In addition, Tower Tech issued a total of 722,297 shares of its common stock as repayment of $1,083,447 of debt owed to its officers and directors as follows:

 

Name

Amount of Debt

Number of Shares

Raymond L. Brickner III

$258,500

172,333

Christopher C. Allie

$247,826

165,217

Daniel P. Wergin

$325,608

217,072

Terence P. Fox

$251,513

167,675

TOTAL

$1,083,447

722,297

 

 

Item 5.01

Changes in Control of Registrant

 

Among the conditions to the closing of the stock purchase described in Item 1.01 above were the following:

 

 

Investors receiving irrevocable proxies from Christopher C. Allie, Raymond L. Brickner III, Terence P. Fox and Daniel P. Wergin (the “Founders”) with respect to enforcing the Investors’ rights under the Covenants described in Item 1.01 above; and

 

Investors having entered into a securities purchase agreement with each of the Founders for the purchase of 600,000 shares from each of the Founders, for a total of 2,400,000 shares, at $1.50 per share.

 

As a result of these transactions, the Investors, Tontine Capital Partners, L.P., a Delaware limited partnership, and its affiliate, Tontine Capital Overseas Master Fund, L.P., a Cayman Islands limited partnership, own 10,133,334 shares and 2,533,333 shares of record, respectively, which constitute 21.2% and 5.3%, respectively, of the issued and outstanding shares of common stock.

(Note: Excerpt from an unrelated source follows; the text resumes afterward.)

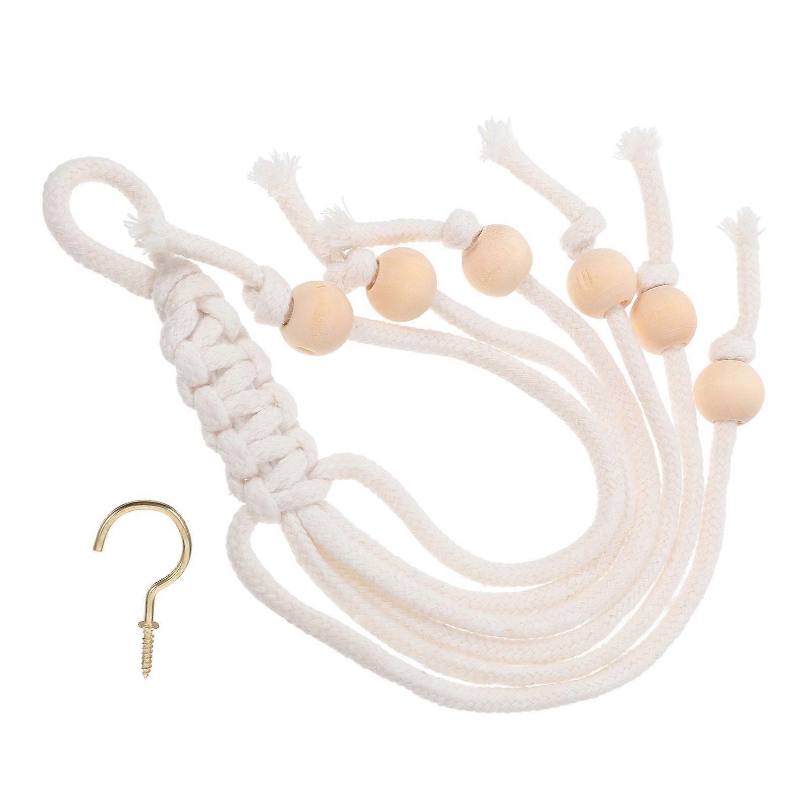 This fruit hanger under cabinet is meticulously to avoid unraveling. This fruit and vegetable hanging rope can hold quite of fresh produce. It's perfect for banana, potato, onion, garlic, any fruit or veggie you'd like to store in an . Features -Color:Beige -Material:Cotton rope, wood, iron -Size:23.00X5.00X1.20cm/9.04X1.97X0.47in -Size:7.00X3.50X0.80cm/2.75X1.38X0.31in -Hanging rope has Bohemian style, it is a Bohemian theme household decoration. -An excellent addition to kitchen decor that will give your family brings a sense of joy, which will be a great gift for mom. -Hand-woven from strong cotton cord, the hooks are very useful, so to use this tassel fruit hanging basket. -This under-cabinet woven cotton-root fruit hammock is carefully handmade to avoid falling apart. -With fine craftsmanship, it looks beautiful and elegant, a nice decor for your home. Package list: 2 x hanger 2 x hooks

The proxies give the Investors voting control over 30,738,964 shares, or 64.4% of Tower Tech’s issued and outstanding shares of common stock with respect to enforcing the Investors’ rights under the Covenants.

 

The Investors also entered into a letter agreement with each of the Founders, Samuel W. Fairchild, and Integritas Inc. (the “Stockholders”) which grants the Investors, with respect to the Tower Tech shares owned by the Stockholders and certain of their trusts, (i) a right of first offer in the event a Stockholder wishes to transfer such shares and (ii) a right of first refusal in the event a Stockholder receives an unsolicited offer from a third party to purchase any of such shares.

 

Item 5.02

Departure of Directors or Principal Officers; Election of Directors; Appointment of Principal Officers

 

On February 26, 2007, Samuel W. Fairchild resigned as the Chief Executive Officer of Tower Tech effective as of that date and resigned as a director effective March 5, 2007.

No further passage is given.